To see what the states look like we can use the `viewStates`

method.
We load the macrostates and add a protein representation.

```
model.viewStates(protein=True)
```

```
Getting state Molecules: 100%|██████████| 4/4 [00:08<00:00, 2.03s/it]
```

```
A Jupyter Widget
```

```
A Jupyter Widget
```

One of the major advantages of Markov state models is that they can provide quantitative results about the kinetics between states.
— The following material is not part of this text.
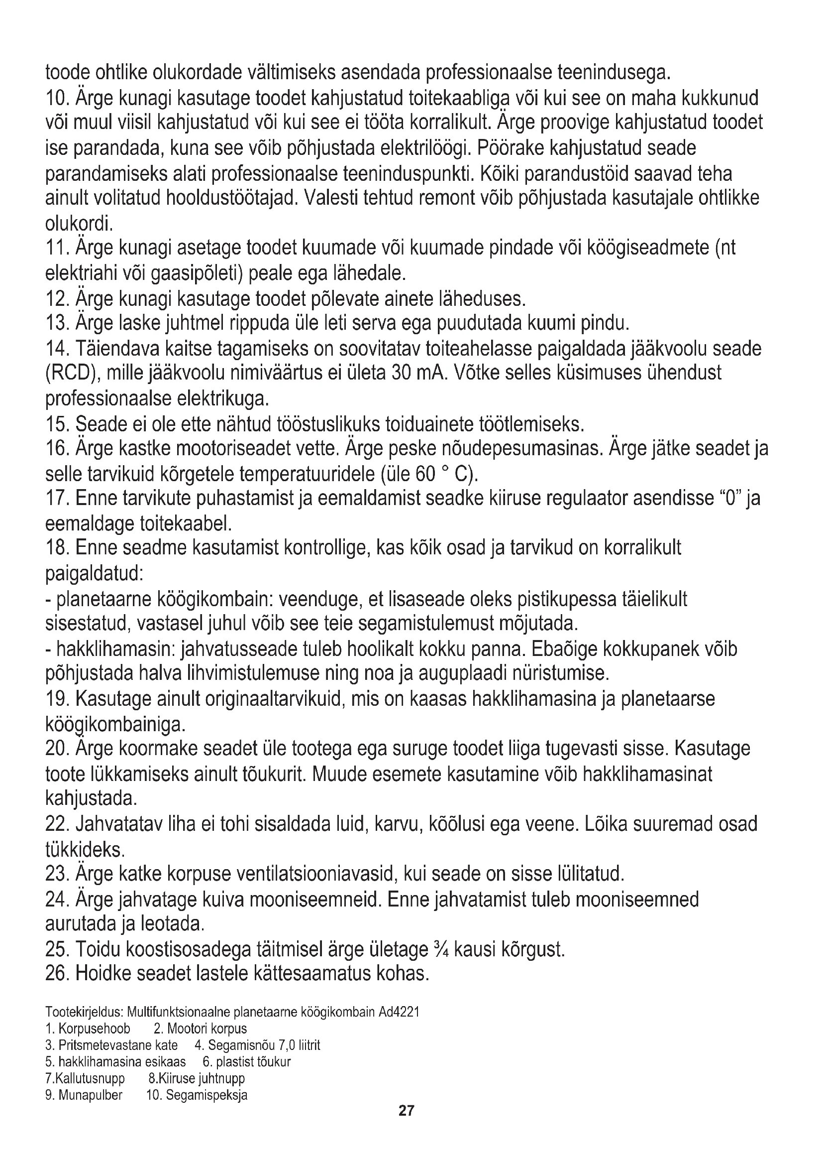 9. Kontrollige perioodiliselt toitekaabli seisukorda. Kui toitekaabel on kahjustatud, tuleb27

Provide the Kinetics constructor with the system temperature. It automatically then calculates the source and sink states.

```
kin = Kinetics(model, temperature=360)
print(kin.source)
print(kin.sink)
```

```
2018-03-20 00:36:47,599 - htmd.kinetics - INFO - Detecting source state...
2018-03-20 00:36:49,155 - htmd.kinetics - INFO - Guessing the source state as the state with minimum contacts.
2018-03-20 00:36:49,157 - htmd.kinetics - INFO - Source macro = 1
2018-03-20 00:36:49,158 - htmd.kinetics - INFO - Detecting sink state...
2018-03-20 00:36:49,189 - htmd.kinetics - INFO - Sink macro = 3
```

```
1
3
```

To see the rates between the source and sink states we use the
`getRates`

method.

```
r = kin.getRates()
print(r)
```

```
2018-03-20 00:37:08,689 - htmd.kinetics - INFO - Calculating rates between source: [1] and sink: [3] states.
```

```
mfpton = 1.81E+03 (ns)
mfptoff = 2.28E+02 (ns)
kon = 5.54E+05 (1/M 1/s)
koff = 4.40E+06 (1/s)
koff/kon = 7.94E+00 (M)
kdeq = 3.11E+00 (M)
g0eq = 0.81 (kcal/M)
```

To plot the free energies and mean first passage times of all state use
the `plotRates()`

method.

```
kin.plotRates()
```

To visualize the kinetic flux pathways between the source and sink
states, use the `plotFluxPathways`

method:

```
kin.plotFluxPathways()
```

```
/home/joao/maindisk/SANDBOX/miniconda3/miniconda3/lib/python3.6/site-packages/pyemma/plots/networks.py:544: FutureWarning: elementwise comparison failed; returning scalar instead, but in the future will perform elementwise comparison
if state_labels == 'auto':
/home/joao/maindisk/SANDBOX/miniconda3/miniconda3/lib/python3.6/site-packages/matplotlib/figure.py:459: UserWarning: matplotlib is currently using a non-GUI backend, so cannot show the figure
"matplotlib is currently using a non-GUI backend, "
```

```
Path flux %path %of total path
5.8777605420020455e-05 100.0% 100.0% [1 3]
```

And this concludes the protein folding tutorial.